§ Problem to solve: Copy nothing but the lines below, from the one with "Fig. 4. One" through the one with "liked to have", exactly as written; no pictures should appear.

§ Data to use:

_ _ _

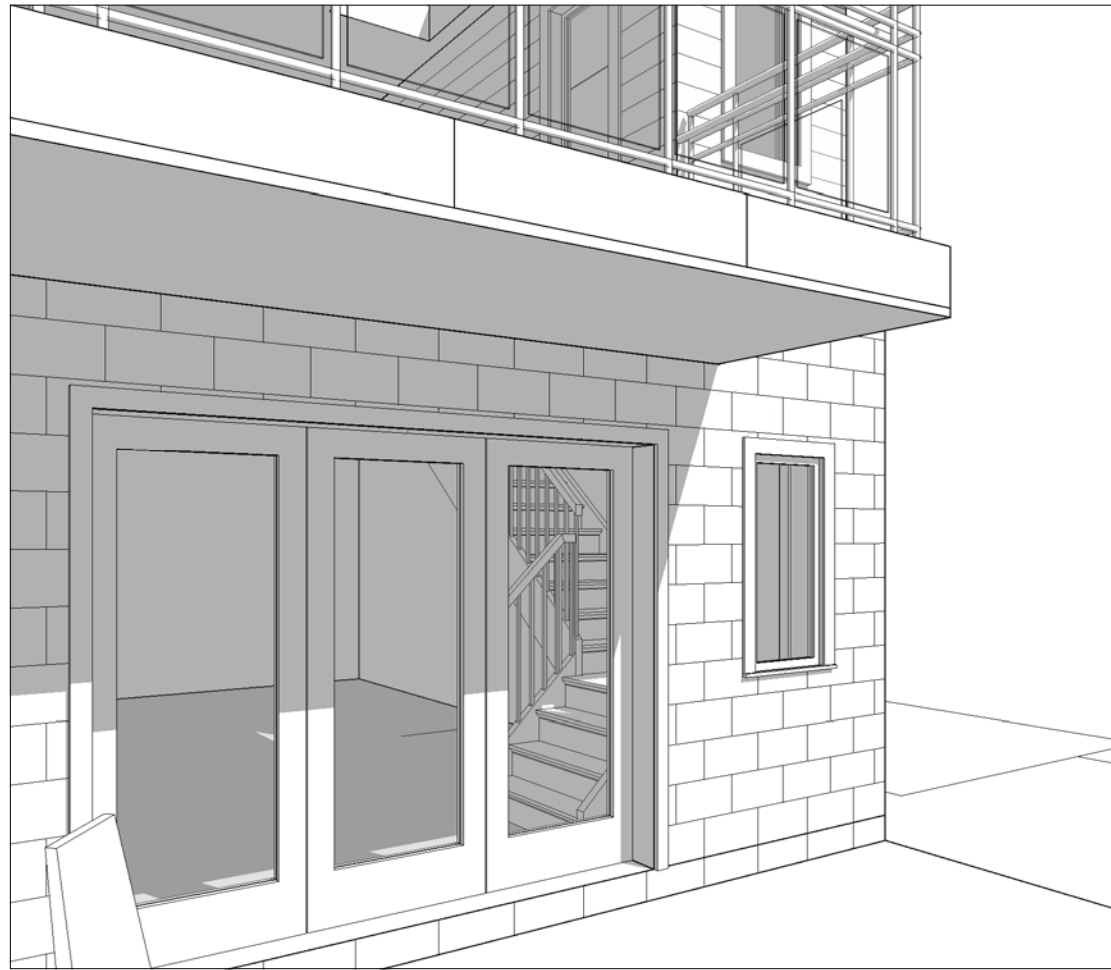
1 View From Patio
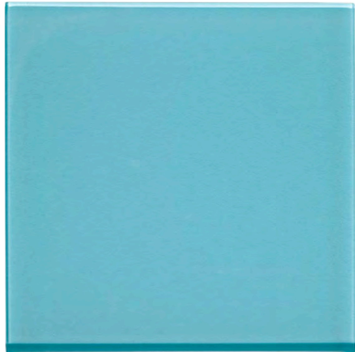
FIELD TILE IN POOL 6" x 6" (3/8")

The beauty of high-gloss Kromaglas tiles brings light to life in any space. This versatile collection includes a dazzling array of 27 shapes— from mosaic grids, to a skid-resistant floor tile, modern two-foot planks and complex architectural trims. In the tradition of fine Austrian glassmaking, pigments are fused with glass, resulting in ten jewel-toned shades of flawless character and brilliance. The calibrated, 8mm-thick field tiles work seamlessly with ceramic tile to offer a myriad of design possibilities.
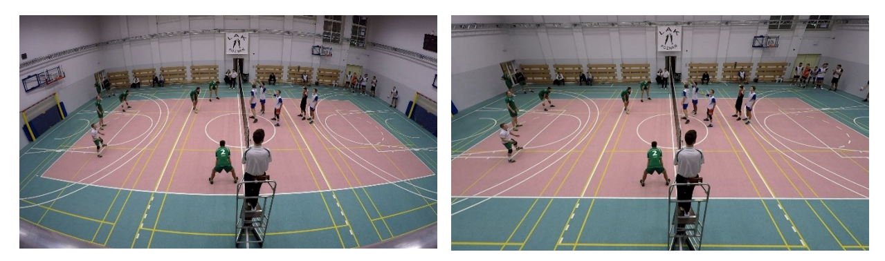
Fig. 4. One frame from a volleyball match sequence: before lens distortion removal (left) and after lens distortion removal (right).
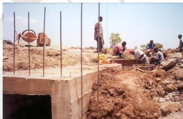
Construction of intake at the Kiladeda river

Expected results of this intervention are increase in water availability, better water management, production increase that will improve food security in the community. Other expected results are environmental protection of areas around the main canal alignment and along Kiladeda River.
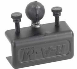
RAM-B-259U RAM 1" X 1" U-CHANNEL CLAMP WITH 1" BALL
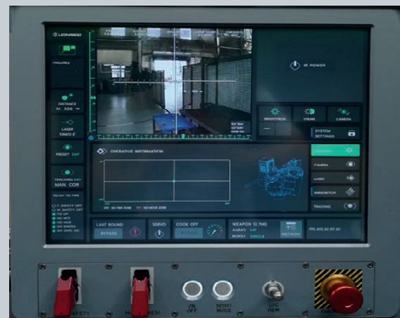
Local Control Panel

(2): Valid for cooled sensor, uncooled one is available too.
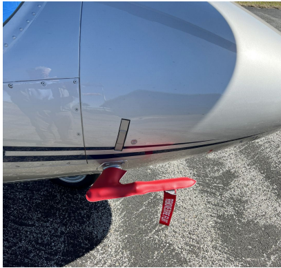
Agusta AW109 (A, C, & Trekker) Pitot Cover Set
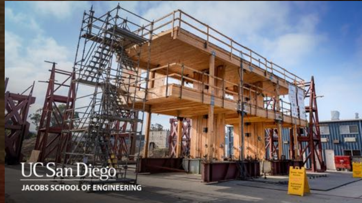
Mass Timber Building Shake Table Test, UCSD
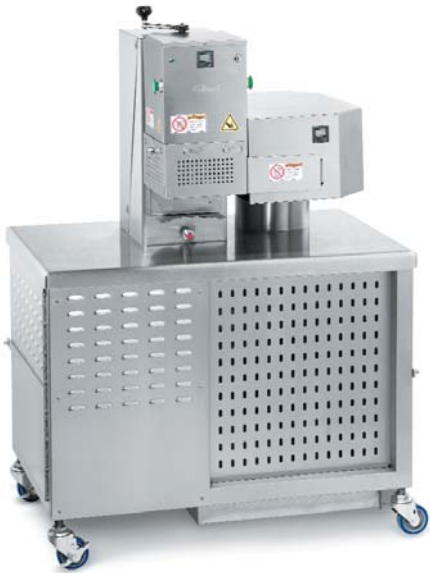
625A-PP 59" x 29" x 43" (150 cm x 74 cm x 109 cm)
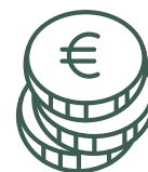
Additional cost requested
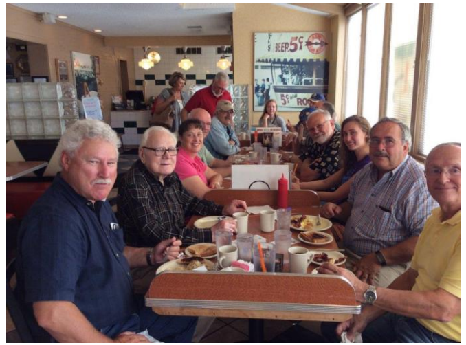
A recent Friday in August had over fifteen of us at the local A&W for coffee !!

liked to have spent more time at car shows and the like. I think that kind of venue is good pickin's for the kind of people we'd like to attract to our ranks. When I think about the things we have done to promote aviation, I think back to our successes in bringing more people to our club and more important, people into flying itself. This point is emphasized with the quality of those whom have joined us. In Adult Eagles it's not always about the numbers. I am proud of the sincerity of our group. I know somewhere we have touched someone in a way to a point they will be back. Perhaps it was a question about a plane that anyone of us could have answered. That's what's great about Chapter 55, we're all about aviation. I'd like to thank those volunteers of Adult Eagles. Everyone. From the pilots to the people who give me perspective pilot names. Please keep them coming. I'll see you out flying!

_ _ _

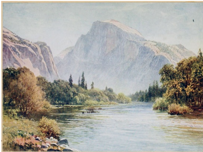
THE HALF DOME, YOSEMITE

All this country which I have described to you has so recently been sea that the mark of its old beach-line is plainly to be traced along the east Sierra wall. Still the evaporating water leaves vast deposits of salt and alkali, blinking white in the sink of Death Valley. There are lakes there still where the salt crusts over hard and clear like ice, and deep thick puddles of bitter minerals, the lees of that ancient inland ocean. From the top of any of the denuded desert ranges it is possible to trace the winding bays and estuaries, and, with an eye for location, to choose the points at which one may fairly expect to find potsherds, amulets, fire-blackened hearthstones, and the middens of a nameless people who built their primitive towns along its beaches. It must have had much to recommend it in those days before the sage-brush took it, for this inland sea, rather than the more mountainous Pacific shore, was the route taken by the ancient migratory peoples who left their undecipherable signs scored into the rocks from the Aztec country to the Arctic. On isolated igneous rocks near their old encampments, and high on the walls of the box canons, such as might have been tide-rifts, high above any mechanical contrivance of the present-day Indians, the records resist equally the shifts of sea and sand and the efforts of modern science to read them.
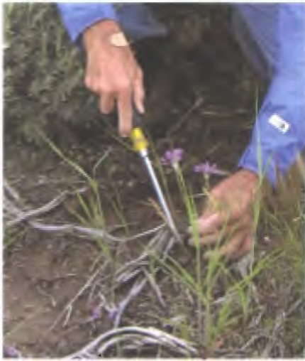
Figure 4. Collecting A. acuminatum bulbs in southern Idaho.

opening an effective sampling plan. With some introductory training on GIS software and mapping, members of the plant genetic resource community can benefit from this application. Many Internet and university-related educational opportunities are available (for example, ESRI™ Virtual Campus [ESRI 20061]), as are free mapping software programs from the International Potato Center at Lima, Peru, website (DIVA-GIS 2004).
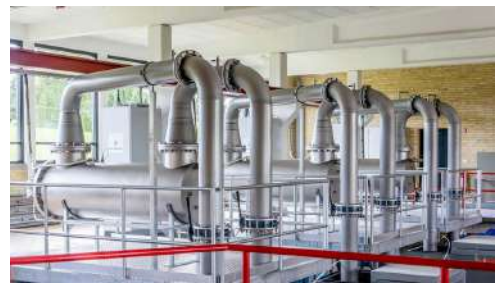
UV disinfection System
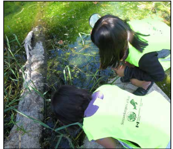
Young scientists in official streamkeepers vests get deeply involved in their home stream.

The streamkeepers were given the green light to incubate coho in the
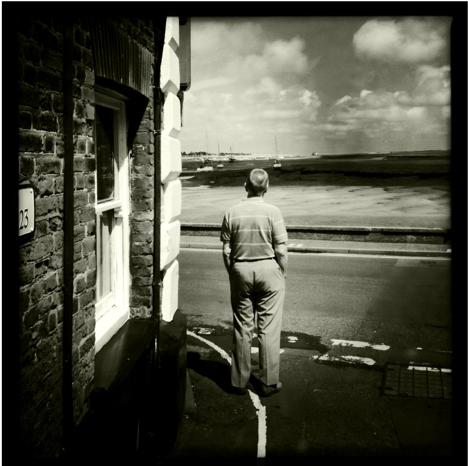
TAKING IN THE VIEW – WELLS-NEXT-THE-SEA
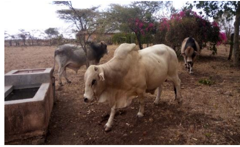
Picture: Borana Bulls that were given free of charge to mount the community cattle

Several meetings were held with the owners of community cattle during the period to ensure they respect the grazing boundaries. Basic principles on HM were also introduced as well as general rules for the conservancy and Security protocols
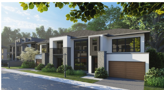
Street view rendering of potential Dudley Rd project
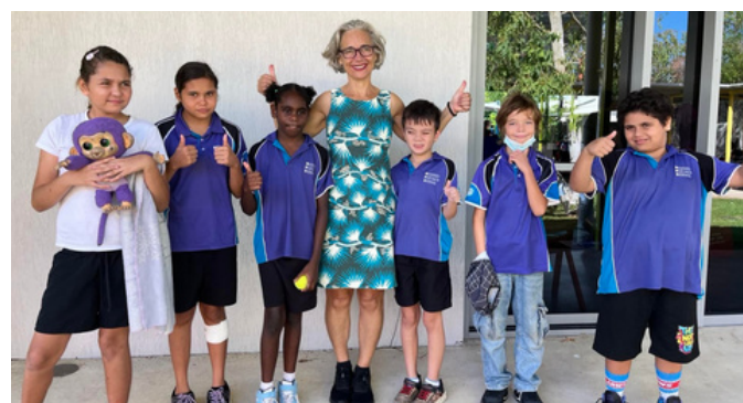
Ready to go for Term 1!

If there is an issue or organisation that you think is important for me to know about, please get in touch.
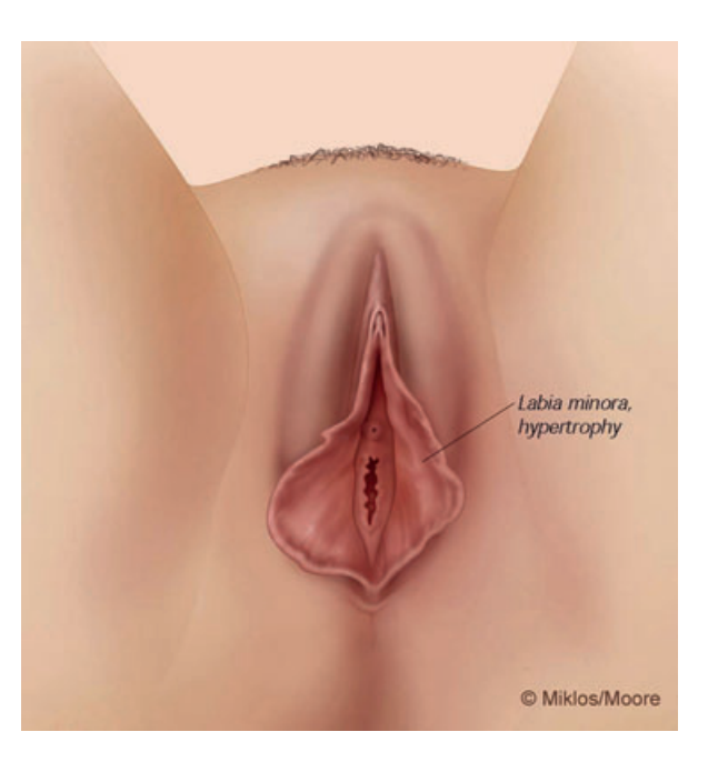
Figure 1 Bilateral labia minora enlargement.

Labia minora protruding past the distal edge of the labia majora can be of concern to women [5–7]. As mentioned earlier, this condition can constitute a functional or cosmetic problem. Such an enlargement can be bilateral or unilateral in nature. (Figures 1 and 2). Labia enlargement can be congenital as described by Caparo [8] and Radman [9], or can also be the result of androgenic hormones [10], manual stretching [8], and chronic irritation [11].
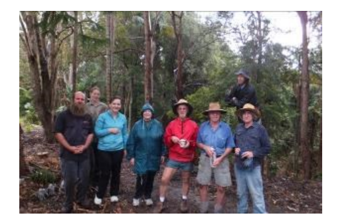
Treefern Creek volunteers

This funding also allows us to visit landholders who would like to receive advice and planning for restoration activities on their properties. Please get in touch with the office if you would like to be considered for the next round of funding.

_ _ _

§ Exercise solution:
Fig. 4. One frame from a volleyball match sequence: before lens distortion removal (left) and after lens distortion removal (right).
Construction of intake at the Kiladeda river

Expected results of this intervention are increase in water availability, better water management, production increase that will improve food security in the community. Other expected results are environmental protection of areas around the main canal alignment and along Kiladeda River.
RAM-B-259U RAM 1" X 1" U-CHANNEL CLAMP WITH 1" BALL
Local Control Panel

(2): Valid for cooled sensor, uncooled one is available too.
Agusta AW109 (A, C, & Trekker) Pitot Cover Set
Mass Timber Building Shake Table Test, UCSD
625A-PP 59" x 29" x 43" (150 cm x 74 cm x 109 cm)
Additional cost requested
A recent Friday in August had over fifteen of us at the local A&W for coffee !!

liked to have spent more time at car shows and the like. I think that kind of venue is good pickin's for the kind of people we'd like to attract to our ranks. When I think about the things we have done to promote aviation, I think back to our successes in bringing more people to our club and more important, people into flying itself. This point is emphasized with the quality of those whom have joined us. In Adult Eagles it's not always about the numbers. I am proud of the sincerity of our group. I know somewhere we have touched someone in a way to a point they will be back. Perhaps it was a question about a plane that anyone of us could have answered. That's what's great about Chapter 55, we're all about aviation. I'd like to thank those volunteers of Adult Eagles. Everyone. From the pilots to the people who give me perspective pilot names. Please keep them coming. I'll see you out flying!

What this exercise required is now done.